Marcação das Amostras de EC

As membranas de EC desidratado foram cortadas em pedaços de aproximadamente 3 mg, em seguida colocadas por um período de 24 h mergulhadas em N-etil maleimido (NEM). Os marcadores, 5- e 16-doxil ácido steárico (5-, 16-DSA) , 5- e 16-doxyl methyl stearate (5-, 16-DMS), além do marcador análogo do colesterol, 5α-Androstano, todos contendo um anel do radical nitróxido, foram adquiridos da Sigma Chem. Co. (St Luis, MO). Uma pequena alíquota (0,5 μL) dos marcadores, dissolvido em solução de etanol (5 mg/mL), foram então aplicados sobre cinco placas de petri. Após colocamos as membranas úmidas nas placas, a fim de assegurar a marcação do EC, repetidas passagens das membranas sobre as placas foram efetuadas. Feito isso, as amostras marcadas foram suspensas em 100 μL de solução contendo tampão salino acetato (10 mM acetato, pH 5.1) e a requerida porcentagem de etanol (0–70%, v/v). As amostras permaneceram nesta solução por um período de 1,5 - 2 h, para que o EC pudesse ser submetido aos efeitos do etanol. Em seguida introduzimos o EC ainda úmido dentro de tubos capilares que fechados foram levados para as medidas de RPE.

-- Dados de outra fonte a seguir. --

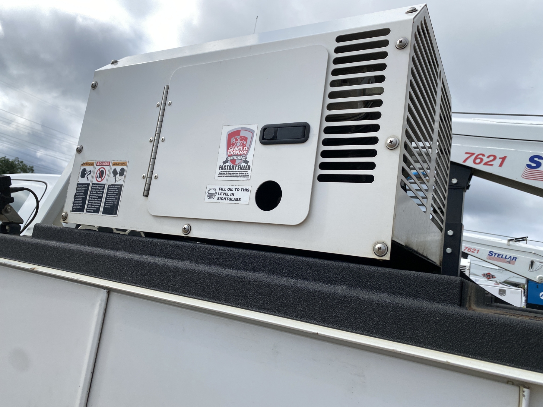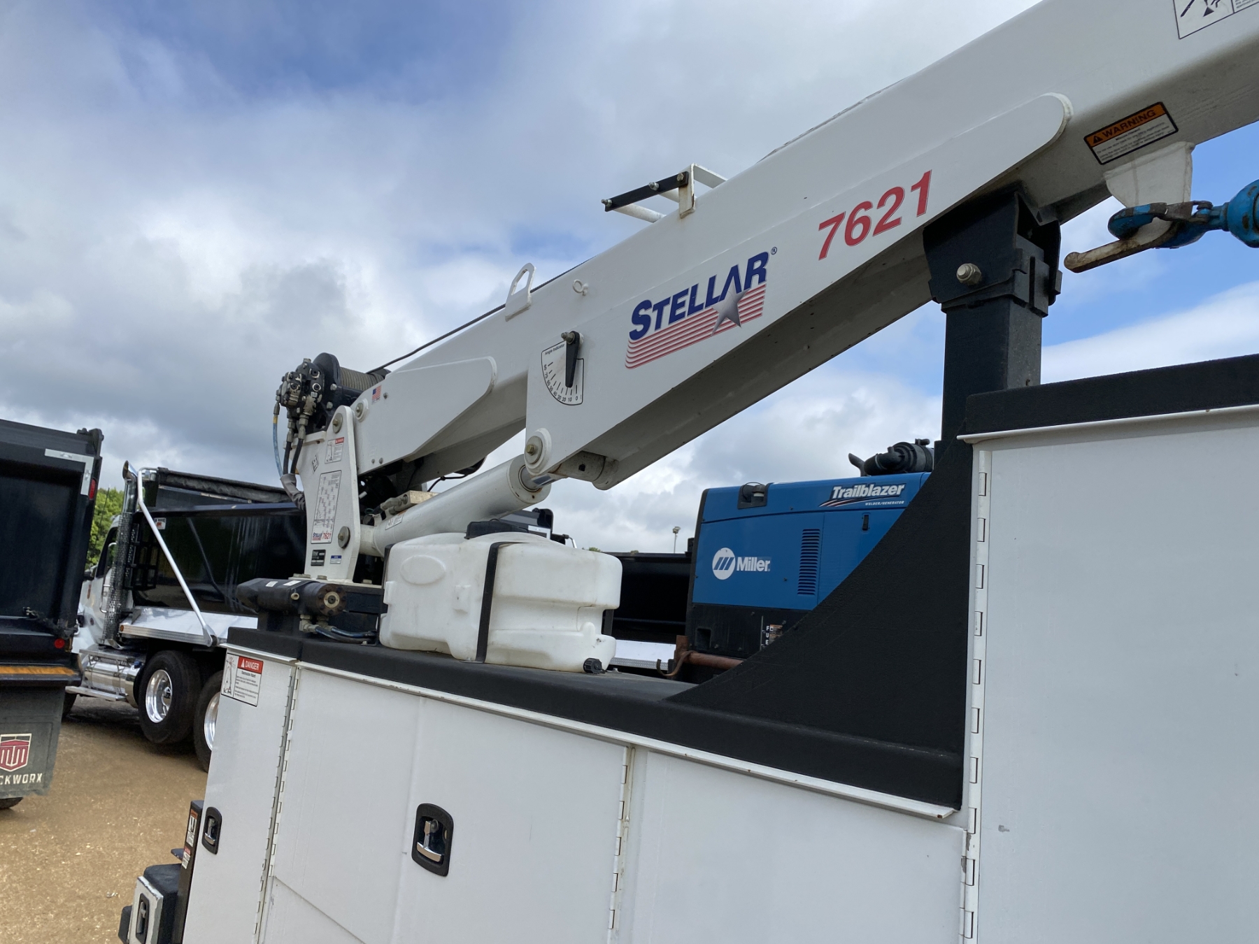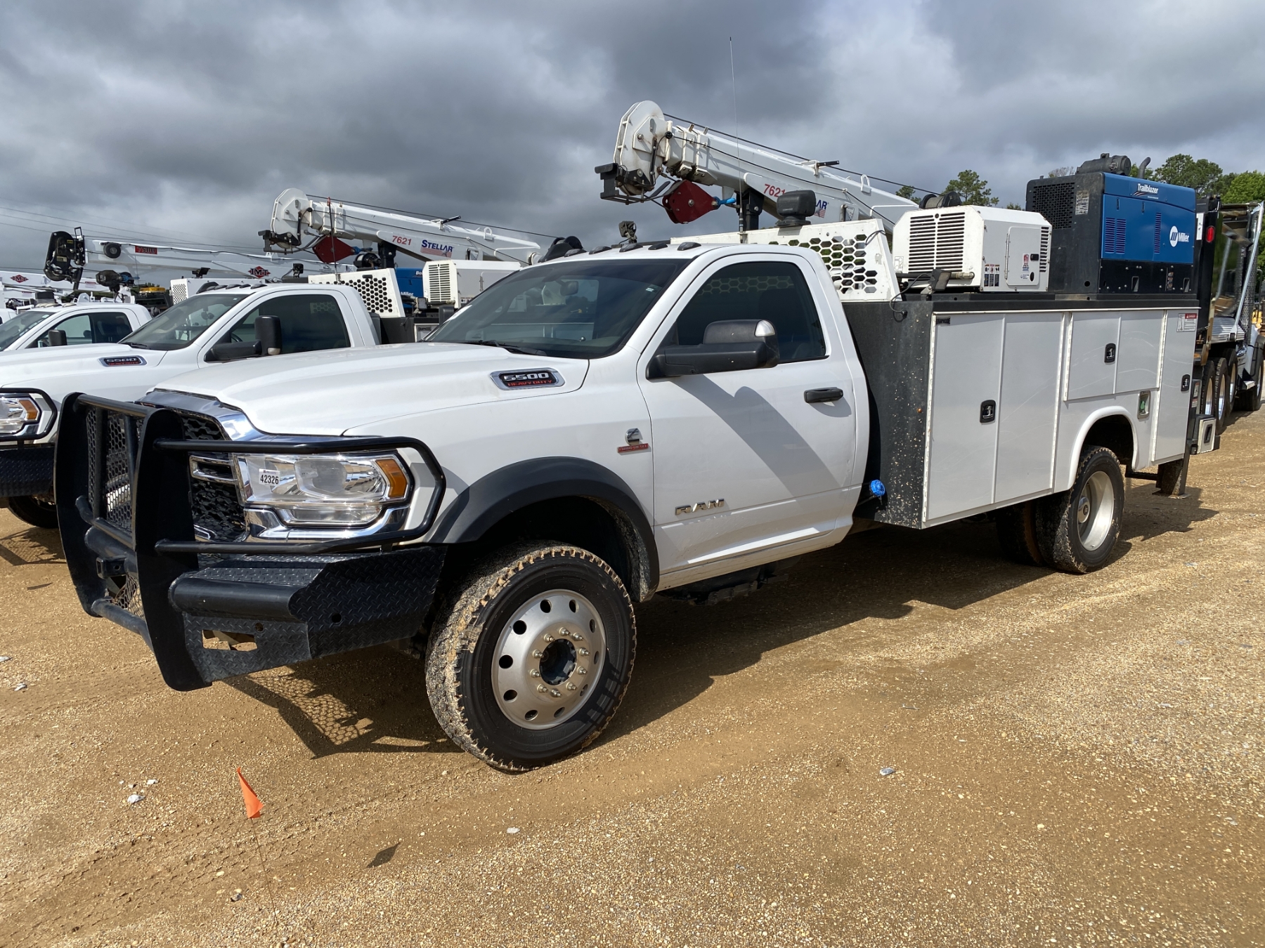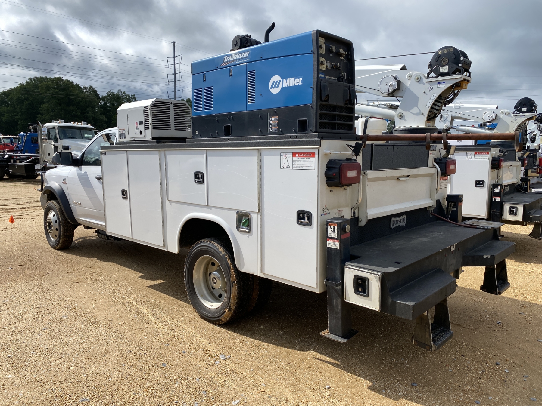 4x4, Cummins diesel, A/T, Knapheide service body, Stellar 7621 crane, Miller Trailblazer welder, hyd air compressor, outriggers

Medidas do Teor de Solvente nas Amostras de EC

As medidas de hidratação do EC nas soluções foram realizadas separadamente a fim de verificar o teor de etanol presente nas membranas hidratadas. O procedimento foi análogo ao seguido para a marcação do EC, então pesamos as membranas umedecidas pela solução (EC + solvente) e em seguida as levamos para o dessecador por 48 h, restabelecendo o seu peso antes da hidratação. Pesamos então as membranas desidratadas e calculamos as percentagens de solvente (água/etanol) presente nas amostras.

Espectrômetro

O equipamento por nós utilizado foi um espectrômetro Bruker ESP300 equipado com uma cavidade ressonante ER4102 ST operando em banda X (~9.4 GHz). A análise dos espectros obtidos experimentalmente foi feita utilizando um programa denominado Non-Linear Least-Squares (NLLS), o qual permite realizar simulações espectrais a partir de dados experimentais, além da possibilidade de ajustar espectros com duas populações de marcadores com diferentes estados de mobilidade e em ambientes de polaridade diferentes.

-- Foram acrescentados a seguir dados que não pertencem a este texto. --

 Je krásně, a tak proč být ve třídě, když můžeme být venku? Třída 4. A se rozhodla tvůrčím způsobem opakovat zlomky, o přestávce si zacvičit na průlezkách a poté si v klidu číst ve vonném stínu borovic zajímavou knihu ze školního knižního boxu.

Os espectros de RPE apresentaram duas componentes (1 e 2) nas amostras (0%) controle e uma terceira componente (3) nas amostras tratadas com etanol, indicando três populações distintas de marcadores no EC. Um modelo de três componentes utilizado na simulação dos dados de RPE descreveu satisfatoriamente os espectros experimentais, permitindo a determinação dos graus de mobilidade de cada componente separadamente, bem como suas populações relativas em função da concentração de etanol. Com o aumento da concentração de etanol pôde ser observada uma tendência, não significativa para um nível de significância de 5%, em aumentar a fluidez lipídica das bicamadas do EC e um aumento da quantidade de marcadores livres no solvente. Indicando que o etanol foi capaz de extrair os lipídios da membrana. O marcador 5a androstano é o que sai mais facilmente da membrana. O estearato de metila 5-DMS foi o de mais difícil extração dado o seu alto grau de hidrofobicidade e o marcador contendo o grupo carboxílico 5-DSA sofre um nível de extração intermediário.

O efeito observado mais importante foi o de extração dos lipídios da membrana por parte do solvente. Os dados obtidos com diferentes marcadores lipídicos indicaram que o marcador análogo do colesterol, 5a androstano, é o que sai mais facilmente da membrana. O estearato de metila 5-DMS foi o de mais difícil extração dado o seu alto grau de hidrofobicidade e o marcador contendo o grupo carboxílico 5-DSA sofre um nível de extração intermediário.